(Stored data Opens)

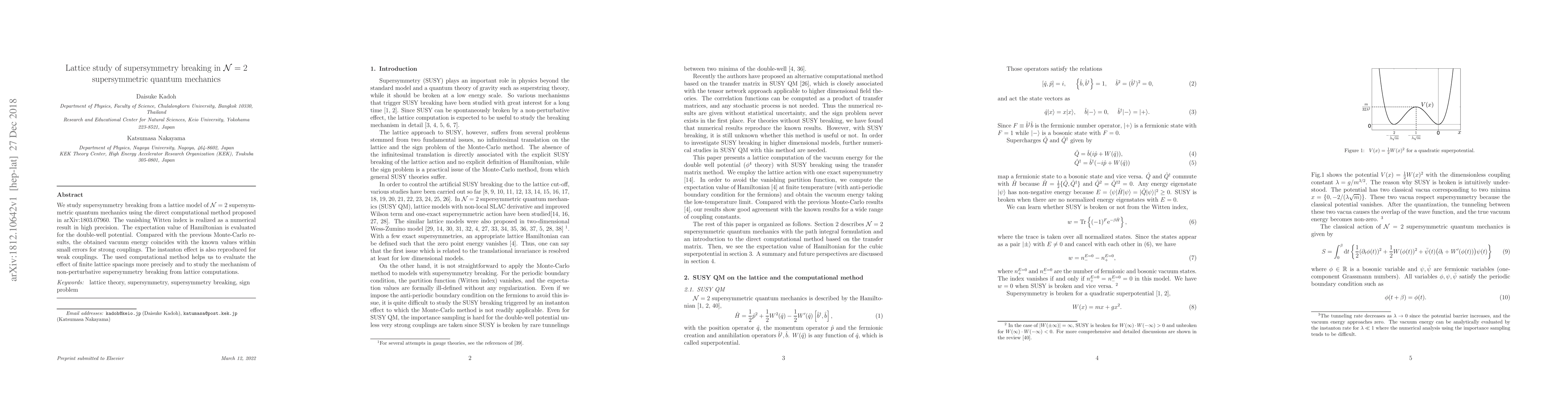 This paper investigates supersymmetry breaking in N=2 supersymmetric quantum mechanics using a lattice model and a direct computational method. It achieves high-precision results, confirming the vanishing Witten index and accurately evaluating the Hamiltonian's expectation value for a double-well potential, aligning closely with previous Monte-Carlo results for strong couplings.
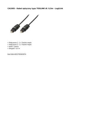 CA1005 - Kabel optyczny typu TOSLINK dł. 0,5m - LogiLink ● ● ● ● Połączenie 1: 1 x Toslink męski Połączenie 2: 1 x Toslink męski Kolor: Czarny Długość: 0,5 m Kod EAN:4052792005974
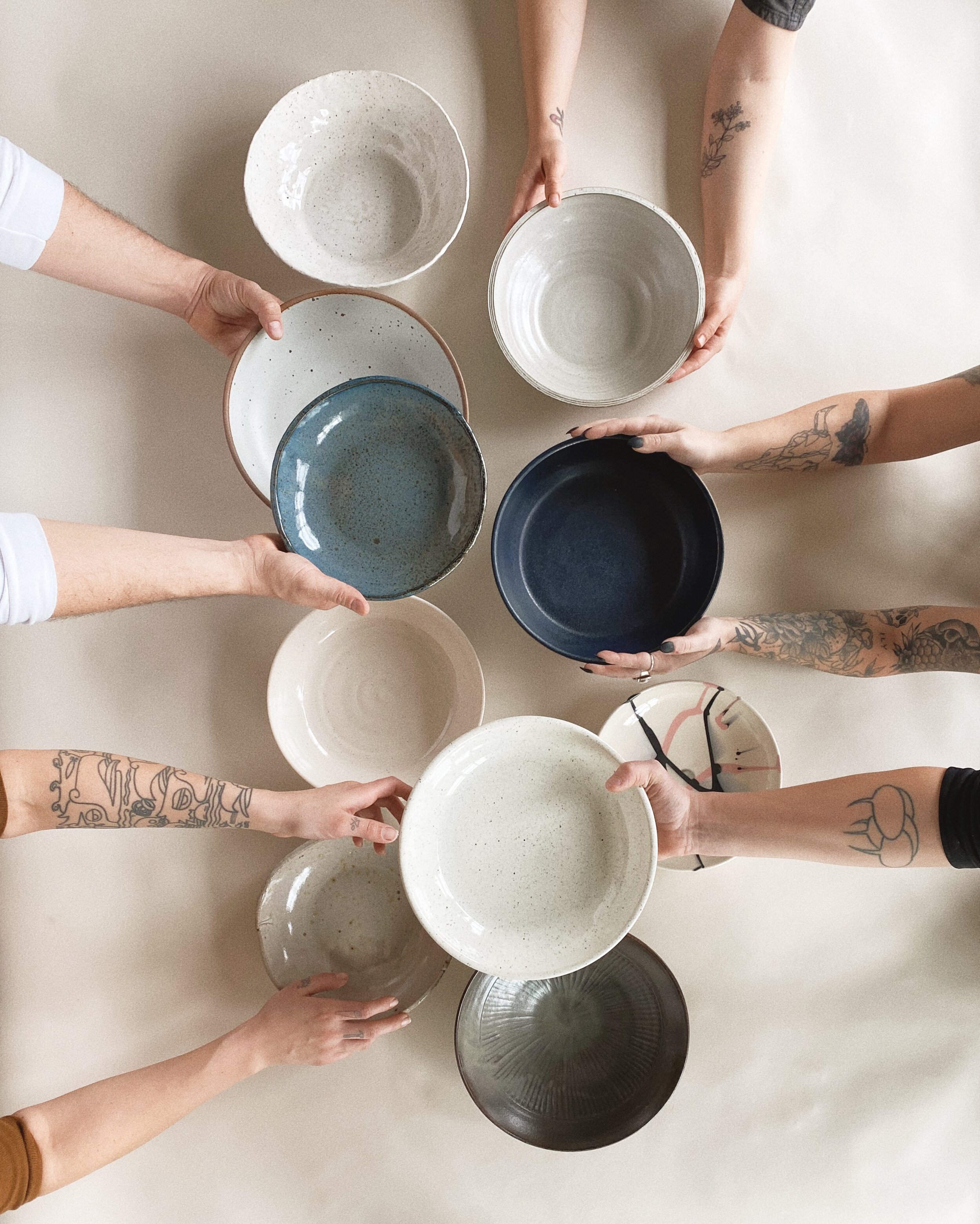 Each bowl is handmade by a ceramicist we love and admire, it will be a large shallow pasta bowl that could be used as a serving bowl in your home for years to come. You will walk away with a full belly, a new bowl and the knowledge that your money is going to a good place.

(Stored data Closes)

__Exercise description__: Could you copy the data above exactly, leaving the pictures out?

__Response area__:
 This paper investigates supersymmetry breaking in N=2 supersymmetric quantum mechanics using a lattice model and a direct computational method. It achieves high-precision results, confirming the vanishing Witten index and accurately evaluating the Hamiltonian's expectation value for a double-well potential, aligning closely with previous Monte-Carlo results for strong couplings.
 CA1005 - Kabel optyczny typu TOSLINK dł. 0,5m - LogiLink ● ● ● ● Połączenie 1: 1 x Toslink męski Połączenie 2: 1 x Toslink męski Kolor: Czarny Długość: 0,5 m Kod EAN:4052792005974
 Each bowl is handmade by a ceramicist we love and admire, it will be a large shallow pasta bowl that could be used as a serving bowl in your home for years to come. You will walk away with a full belly, a new bowl and the knowledge that your money is going to a good place.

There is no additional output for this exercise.